Parmi ces écueils figurent le contenu de la Déclaration ministérielle et la fameuse formule Armée-peuple-résistance, ainsi que des détails concernant la répartition des portefeuilles. Certes, les alliés chrétiens du Courant du futur (Hariri) haussent le ton et remettent en cause le principe même du «gouvernement rassembleur». Le chef des Forces libanaises, Samir Geagea, a plaidé pour un gouvernement qui «serait tiré par des chevaux qui vont dans la même direction», en allusion à un cabinet monochrome ou neutre. Mais des sources proches du Courant du futur indiquent que ces propos ne reflètent pas l’opinion ambiante au sein de la coalition du 14-Mars, proche de l’Arabie saoudite, qui penche plus vers la participation à un «gouvernement de tous». «Les surenchères de M. Geagea visent à améliorer sa position dans la répartition des portefeuille entre les alliés», ajoute cette source.

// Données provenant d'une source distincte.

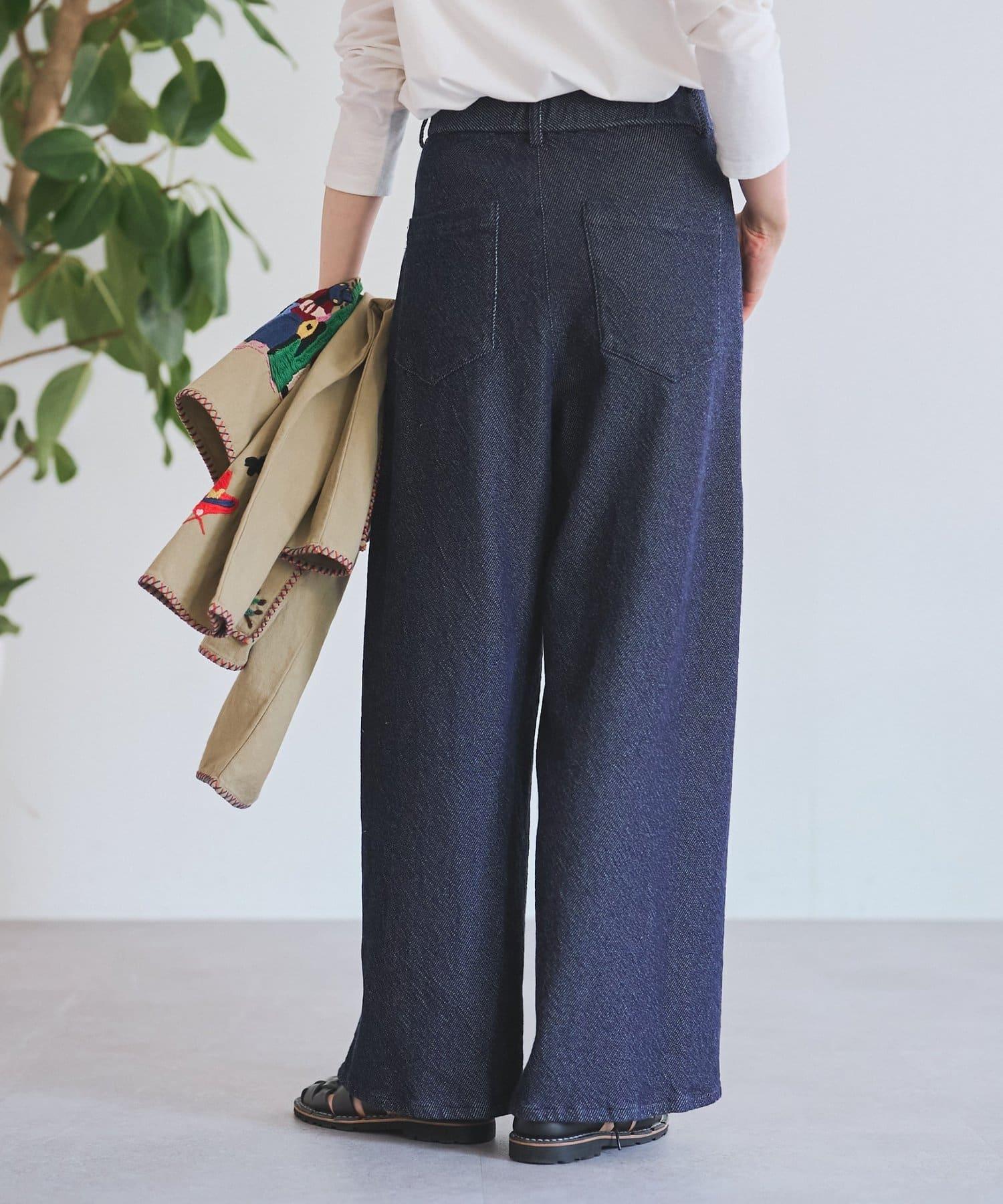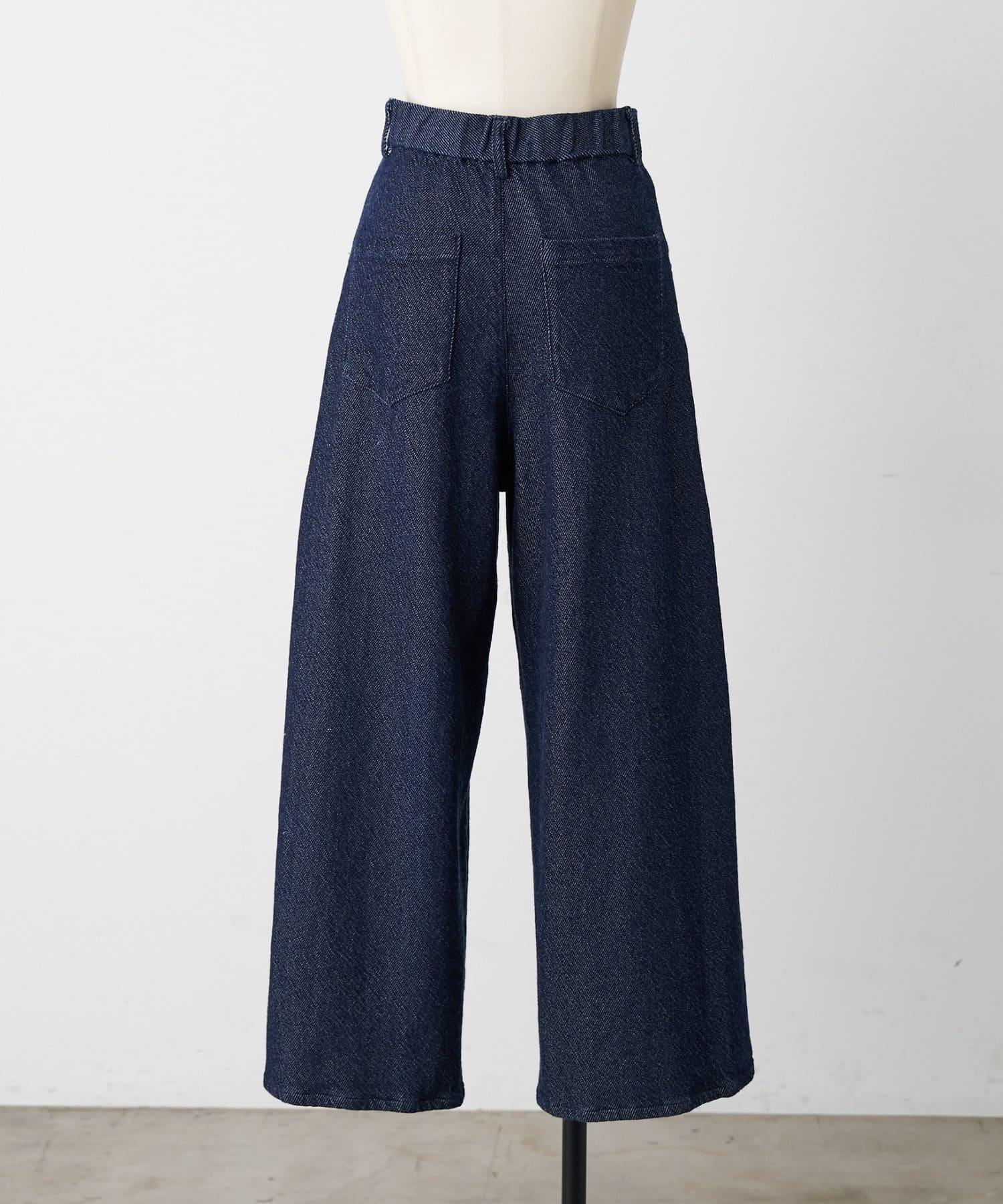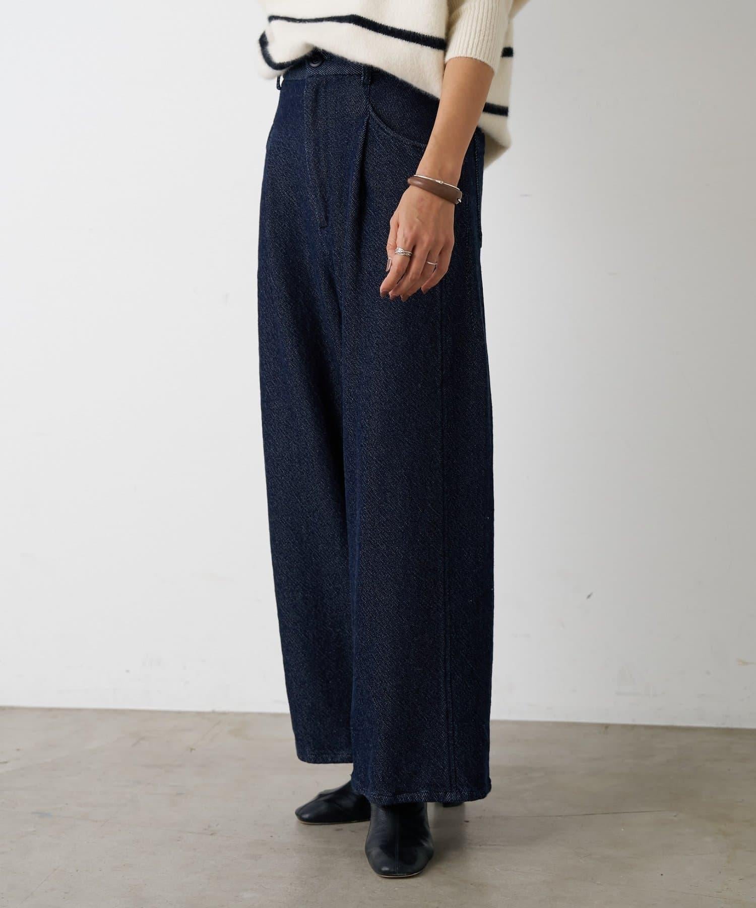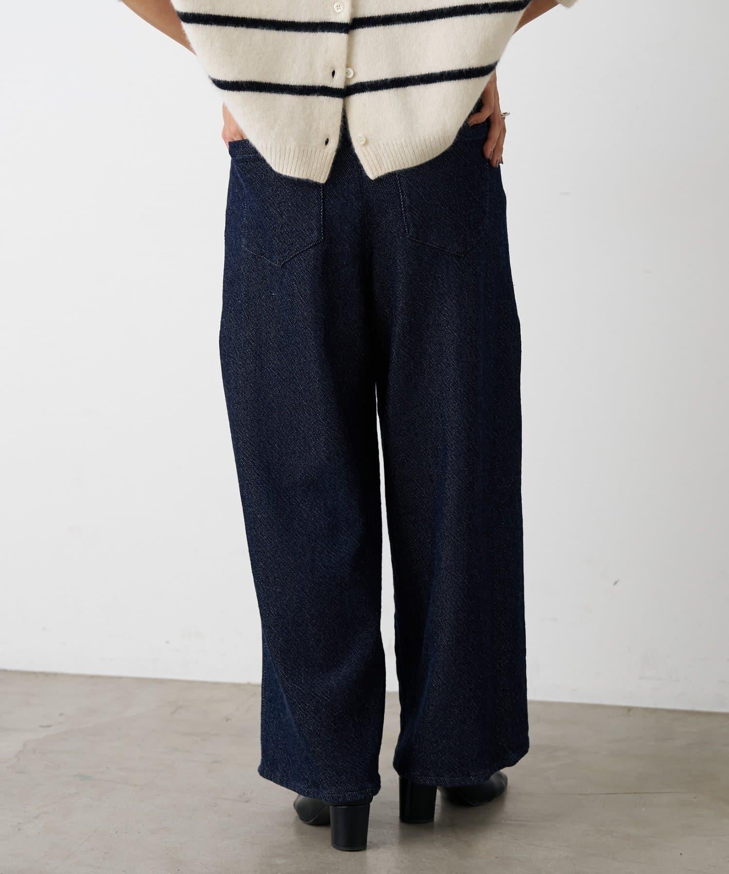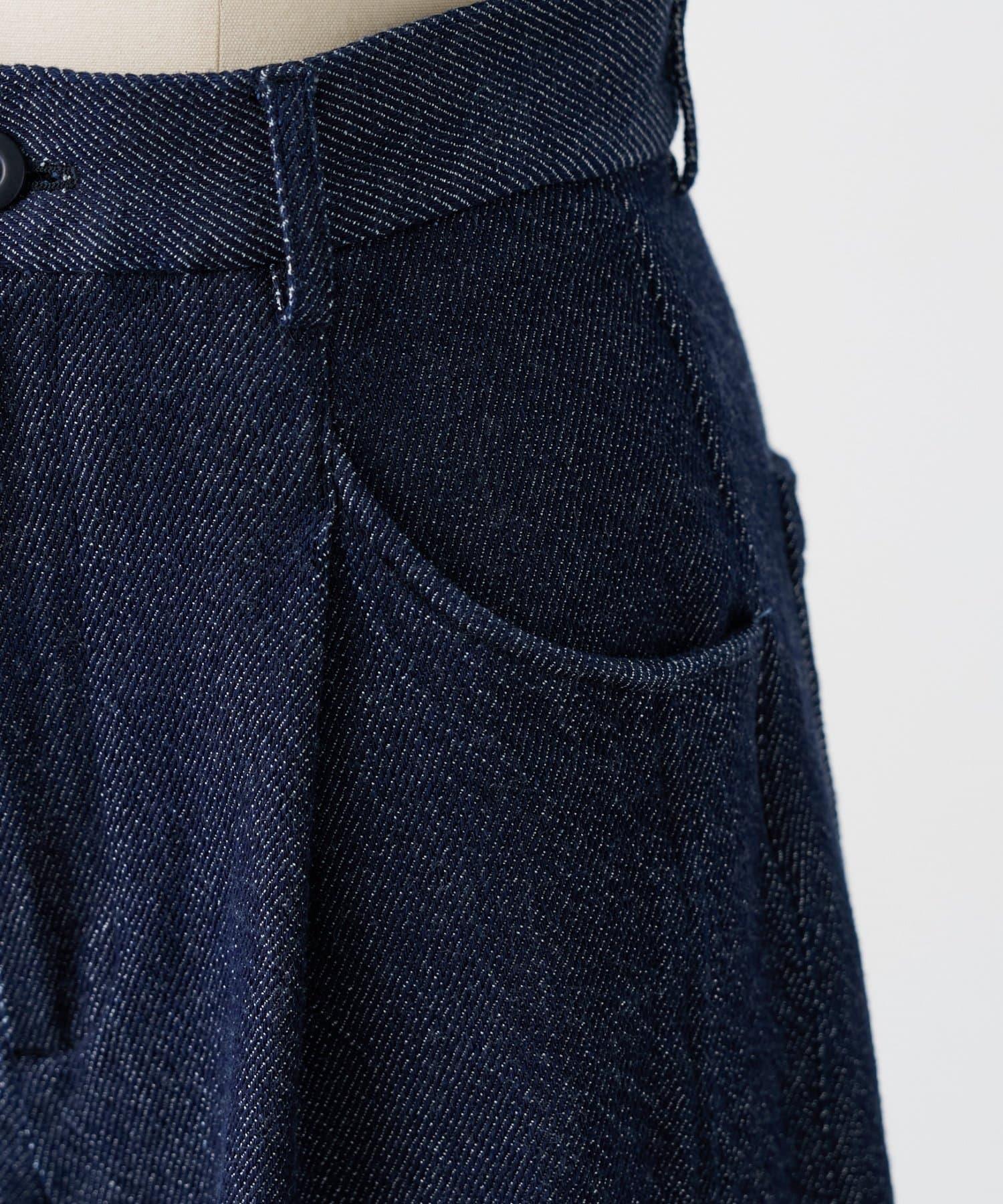 靛藍 "具有獨特的牛仔布質感,表面漂浮著一絲絲白線。深邃的色彩賦予了這款褲子精緻的外觀。

Pour préparer leurs partisans à un gouvernement de partenariat national -que le 14- Mars a rejeté ces huit derniers mois-, les journalistes et les médias proches de cette coalition commencent à parler de «la volte-face du Hezbollah». Certes, le parti de Hassan Nasrallah a assoupli ses positions en abandonnant la condition du gouvernement 9-9-6 pour un cabinet 8-8-8. Mais en réalité, il n’avait jamais exprimé un refus catégorique d’une telle formule, pour laquelle il a plaidé les trois premiers mois après la désignation de Tammam Salam. En revanche, la vraie reculade est à mettre au compte du 14-Mars, qui aura du mal à expliquer à sa base comment il accepte de siéger dans un même gouvernement que le Hezbollah, qu’il vient tout juste d’accuser ouvertement de l’assassinat de l’ancien ministre Mohammad Chatah, et sans même que ce parti n’ait retiré ses troupes de Syrie, comme l’exige cette coalition.

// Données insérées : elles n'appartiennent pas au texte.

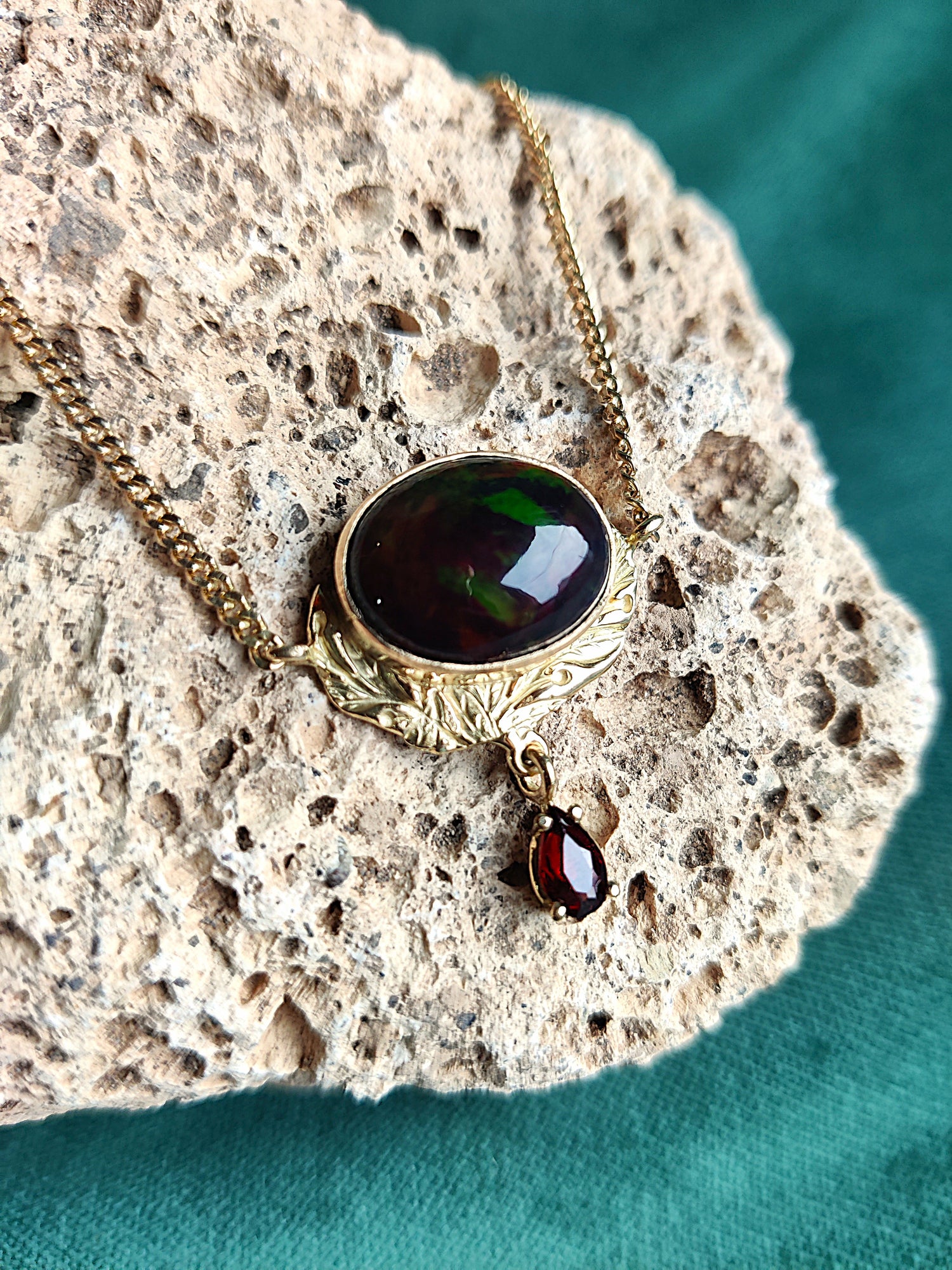 Ketting in 18K geel goud met opaal en granaat: Cecile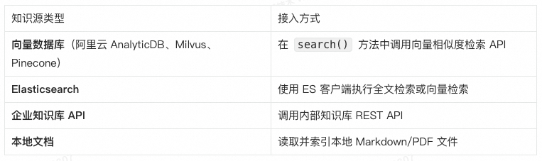 💡 框架默认提供 Mock 知识库实现用于演示测试。生产环境需要接入真实知识源(如向量数据库、Elasticsearch、企业知识库 API 等),以便 Agent 能够检索并回答业务相关问题。
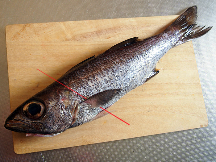 中骨まで到達したら、今度は背ビレに沿って、背側からも切り開く。

Ceci dit, les réunions se poursuivent à plus d’un niveau pour aplanir les derniers obstacles se dressant devant l’annonce du Cabinet. Il y a eu, surtout, la rencontre entre le président du Parlement, Nabih Berry, et le chef du bloc parlementaire du futur, Fouad Siniora. Ce dernier a qualifié l’entretien de «bon» et d’«utile». Mais démentant les informations selon lesquelles le 8-Mars aurait accepté d’abandonner la formule Armée-peuple-résistance, M. Berry a assuré, dans des déclarations à la presse ce mercredi, qu’il restait attaché à cette équation «même si le Hezbollah y renonçait». «Le Mouvement Amal a consenti 1000 martyrs contre Israël pour défendre cette formule, il ne l’abandonnera pas, a-t-il dit au quotidien Al Akhbar. Certes, l’autre camp a un avis différent. Il est certain que lors des discussions, nous pourrons trouver un accord, grâce aux subtilités que permet la langue arabe.»

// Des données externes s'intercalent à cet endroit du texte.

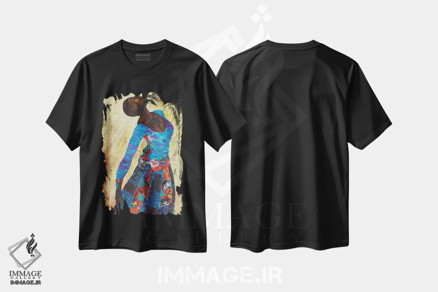 تیشرت مشکی طرح دار "زنی قوی ۴"، هنر آمریکایی آفریقایی تبار اثر آلونزو ساندرز | فروشگاه ایماژ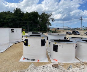The CF Series of Wastewater Treatment tanks are constructed with fiberglass, non-corrosive tanks, along with PVC 40/80 piping, making them suitable for high groundwater environments.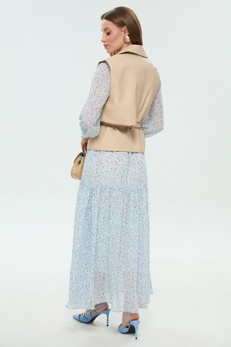 Костюм двухпредметный: состоит из платья и жилета. Платье макси прямого свободного силуэта с воланом по низу изделия. Рукав втачной с манжетой. Горловина округлая. Изделие на подкладке. По спинке вырез капелька с застёжкой на пуговицу. Жилет из экокожи прямого силуэта с воротником пиджачного типа. По правой пройме переда расположена фигурная деталь "крылышко". Спинка со средним швом. По низу правого переда и низу правой спинки фигурная деталь. По левой части переда и левой части спинки отлетная кокетка. Изделие идёт в комплекте с ремнем из экокожи.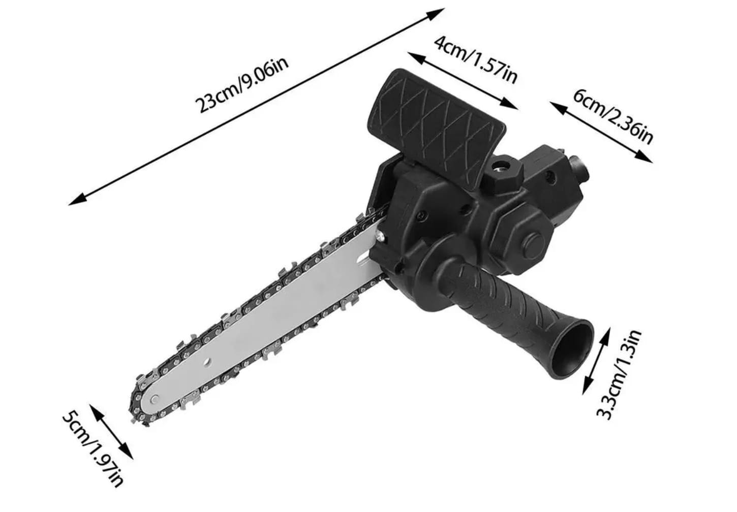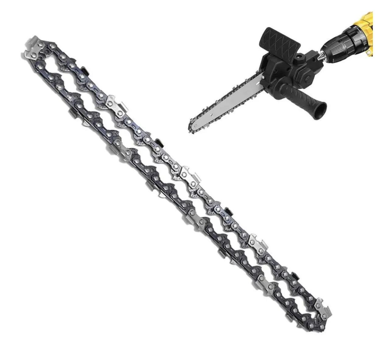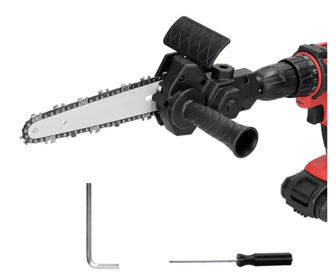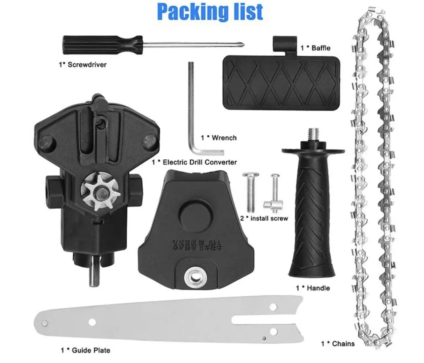 В комплекте идет инструмент, позволяющий удобно и легко переработать электрическую дрель на электрическую бензопилу вместо того, чтобы покупать новую электрическую бензопилу.

M. Berry a toutefois insisté sur le fait que cette question devra être examinée après la formation du gouvernement, lors de la préparation de la Déclaration ministérielle, coupant ainsi cours à toute tentative de lier l’annonce du cabinet à une entente préalable sur la teneur de cette déclaration.
Dans ce contexte, le chef du Bloc parlementaire du Hezbollah, le député Mohammad Raad, a fait état de la disposition de son parti à faciliter les efforts visant à mettre en place un gouvernement rassembleur le plus tôt possible. Il a salué la volonté du camp adverse à participer avec le Hezbollah au nouveau gouvernement, l’invitant cependant à revoir ses calculs encore une fois pour que le pays ne rate pas dans l’avenir de nouvelles occasions.
Toutefois, selon le chroniqueur Sarkis Naoum, du quotidien de droite An-Nahar, «les signaux positifs qui sont apparus au niveau de la longue crise gouvernementale, avec l’accord de l’Arabie saoudite, dit-on, ne signifie pas que le pays est entré dans une période de stabilité. Et ce climat de détente ne concerne pas du tout la Syrie. Cela dénote uniquement une volonté d’éviter un embrasement général au Liban. Mais personne ne peut assurer que la formation d’un gouvernement «rassembleur» signifie la fin des souffrances du Liban. Ce pays est au centre du conflit irano-saoudien, irano-international et saoudo- assadiste. Tous ces conflits pourraient ne pas trouver une solution rapide. »
Pour l’ancien ministre druze pro-syrien Wiam Wahhab, la reculade du camps pro-saoudien du 14-Mars est le résultat d’une division en son sein. Pour lui, « Fouad Siniora, l’ancien premier ministre, est un ‘daéchiste’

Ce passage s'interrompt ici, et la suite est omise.